=== Begin Enclosure ===

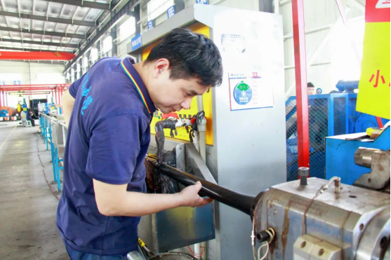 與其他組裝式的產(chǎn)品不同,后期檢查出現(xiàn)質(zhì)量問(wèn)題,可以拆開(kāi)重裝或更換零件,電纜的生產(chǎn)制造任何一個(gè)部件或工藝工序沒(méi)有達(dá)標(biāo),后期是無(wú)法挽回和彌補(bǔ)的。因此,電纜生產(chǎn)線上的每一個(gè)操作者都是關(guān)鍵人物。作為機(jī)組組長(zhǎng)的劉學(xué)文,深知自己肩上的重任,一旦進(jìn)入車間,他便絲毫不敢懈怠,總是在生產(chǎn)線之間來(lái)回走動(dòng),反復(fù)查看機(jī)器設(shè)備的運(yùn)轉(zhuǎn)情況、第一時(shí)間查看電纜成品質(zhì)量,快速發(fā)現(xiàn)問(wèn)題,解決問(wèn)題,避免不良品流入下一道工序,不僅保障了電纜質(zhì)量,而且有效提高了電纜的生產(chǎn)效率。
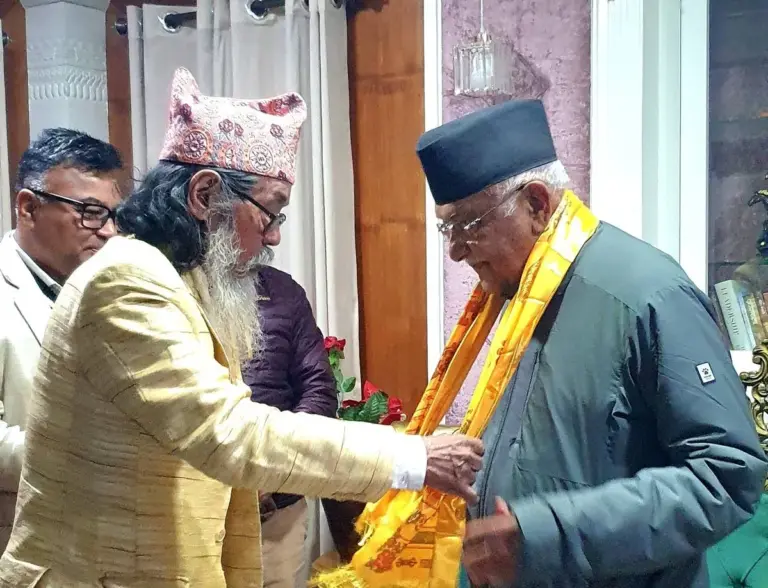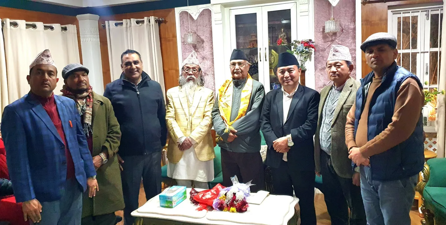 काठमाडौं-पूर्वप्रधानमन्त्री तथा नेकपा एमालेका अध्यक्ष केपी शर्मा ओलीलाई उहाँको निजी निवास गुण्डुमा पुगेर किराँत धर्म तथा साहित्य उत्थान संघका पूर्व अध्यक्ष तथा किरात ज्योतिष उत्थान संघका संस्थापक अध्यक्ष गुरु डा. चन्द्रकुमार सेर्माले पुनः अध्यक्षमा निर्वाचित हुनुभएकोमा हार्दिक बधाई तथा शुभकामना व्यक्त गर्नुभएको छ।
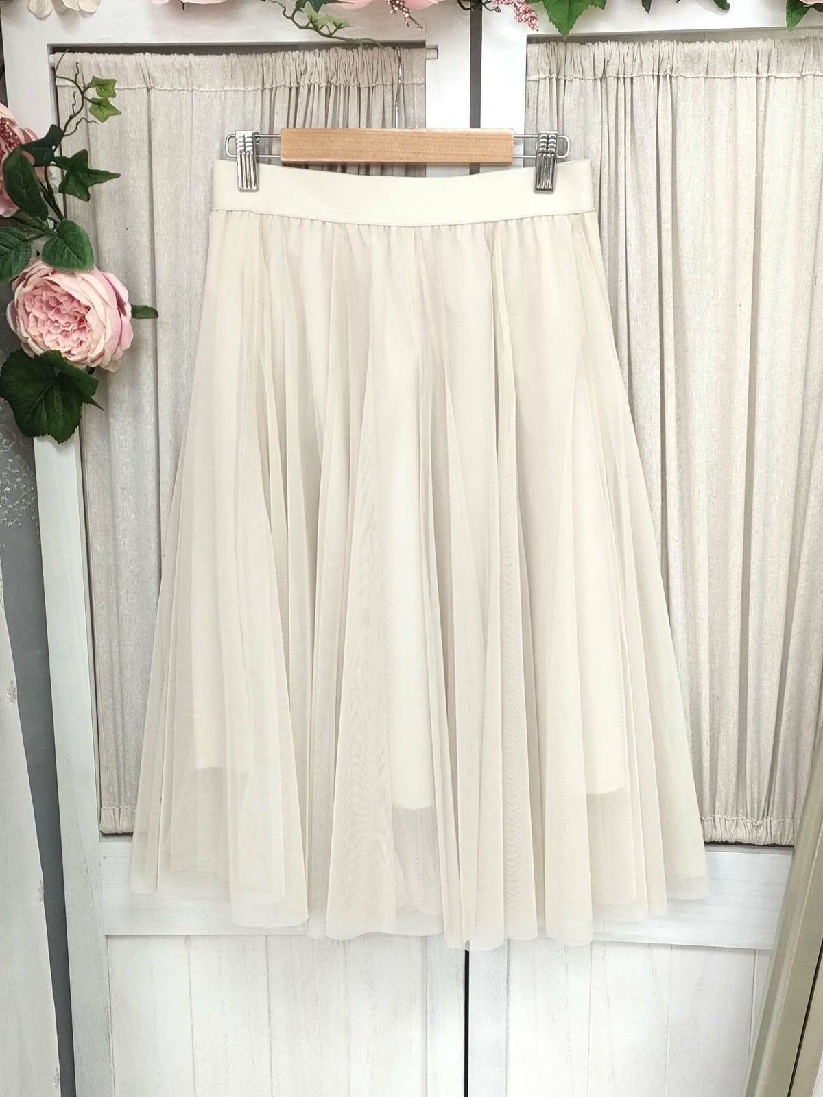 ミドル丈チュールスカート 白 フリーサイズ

=== End Enclosure ===

*ASSIGNMENT*: Everything in the listing above except the pictures should be duplicated exactly.

*WRITTEN REPLY*:
 與其他組裝式的產(chǎn)品不同,后期檢查出現(xiàn)質(zhì)量問(wèn)題,可以拆開(kāi)重裝或更換零件,電纜的生產(chǎn)制造任何一個(gè)部件或工藝工序沒(méi)有達(dá)標(biāo),后期是無(wú)法挽回和彌補(bǔ)的。因此,電纜生產(chǎn)線上的每一個(gè)操作者都是關(guān)鍵人物。作為機(jī)組組長(zhǎng)的劉學(xué)文,深知自己肩上的重任,一旦進(jìn)入車間,他便絲毫不敢懈怠,總是在生產(chǎn)線之間來(lái)回走動(dòng),反復(fù)查看機(jī)器設(shè)備的運(yùn)轉(zhuǎn)情況、第一時(shí)間查看電纜成品質(zhì)量,快速發(fā)現(xiàn)問(wèn)題,解決問(wèn)題,避免不良品流入下一道工序,不僅保障了電纜質(zhì)量,而且有效提高了電纜的生產(chǎn)效率。
 काठमाडौं-पूर्वप्रधानमन्त्री तथा नेकपा एमालेका अध्यक्ष केपी शर्मा ओलीलाई उहाँको निजी निवास गुण्डुमा पुगेर किराँत धर्म तथा साहित्य उत्थान संघका पूर्व अध्यक्ष तथा किरात ज्योतिष उत्थान संघका संस्थापक अध्यक्ष गुरु डा. चन्द्रकुमार सेर्माले पुनः अध्यक्षमा निर्वाचित हुनुभएकोमा हार्दिक बधाई तथा शुभकामना व्यक्त गर्नुभएको छ।
 ミドル丈チュールスカート 白 フリーサイズ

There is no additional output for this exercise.